Blogs

What is Spark?

Making the complex simple

Managing Director of Intelligent Business Strategies Limited, Intelligent Business Strategies Limited

All the hype around Apache Spark over the last 18 months gives rise to a simple question: What is Spark, and why use it? Spark is an open source, scalable, massively parallel, in-memory execution environment for running analytics applications. Think of it as an in-memory layer that sits above multiple data stores, where data can be loaded into memory and analyzed in parallel across a cluster.

Big data processing

Much like MapReduce, Spark works to distribute data across a cluster, and process that data in parallel. The difference is, unlike MapReduce—which shuffles files around on disk—Spark works in memory, making it much faster at processing data than MapReduce.

http://www.ibmbigdatahub.com/sites/default/files/whyspark_embed.jpgSpark also includes prebuilt machine-learning algorithms and graph analysis algorithms that are especially written to execute in parallel and in memory. It also supports interactive SQL processing of queries and real-time streaming analytics. As a result, you can write analytics applications in programming languages such as Java, Python, R and Scala.

These applications execute in parallel on partitioned, in-memory data in Spark. And they make use of prebuilt analytics algorithms in Spark to make predictions; identify patterns in data, such as in market basket analysis; and analyze networks—also known as graphs—to identify previous unknown relationships. You can also connect business intelligence (BI) tools to Spark to query in-memory data using SQL and have the query executed in parallel on in-memory data.

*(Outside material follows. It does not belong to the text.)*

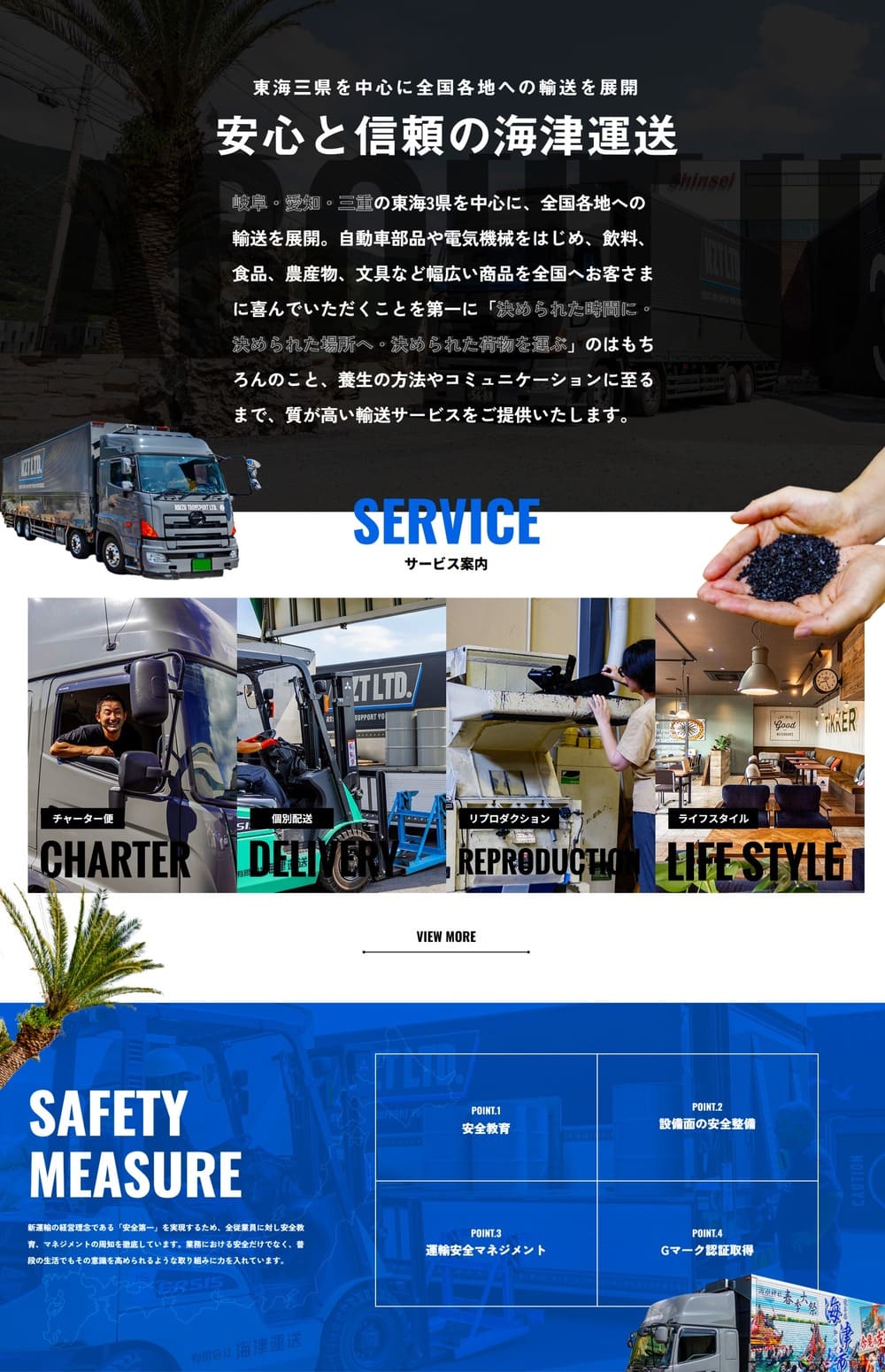 海津運送様の「らしさ」が最大限伝わる雰囲気と、求職者に「ここで働きたい」と思ってもらえる情報設計で作り上げたコーポレートサイトです。

Spark can run on Apache Hadoop clusters, on its own cluster or on cloud-based platforms, and it can access diverse data sources such as data in Hadoop Distributed File System (HDFS) files, Apache Cassandra, Apache HBase or Amazon S3 cloud-based storage. Spark consists of a number of components: 

  • Spark Core: The foundation of Spark that provides distributed task dispatching, scheduling and basic I/O
  • Spark Streaming: Analysis of real-time streaming data
  • Spark Machine Learning Library (MLlib): A library of prebuilt analytics algorithms that can run in parallel across a Spark cluster on data loaded into memory
  • Spark SQL + DataFrames: Spark SQL enables querying structured data from inside Java-, Python-, R- and Scala-based Spark analytics applications using either SQL or the DataFrames distributed data collection
  • GraphX: A graph analysis engine and set of graph analytics algorithms running on Spark
  • SparkR: The R programming language on Spark for executing custom analytics 

http://www.ibmbigdatahub.com/sites/default/files/blog_diagram_mf.jpgScalable analytics applications can be built on Spark to analyze live streaming data or data stored in HDFS, relational databases, cloud-based storage and other NoSQL databases. Data from these sources can be partitioned and distributed across multiple machines and held in memory on each node in a Spark cluster. The distributed, partitioned, in-memory data is referred to as a Resilient Distributed Dataset (RDD).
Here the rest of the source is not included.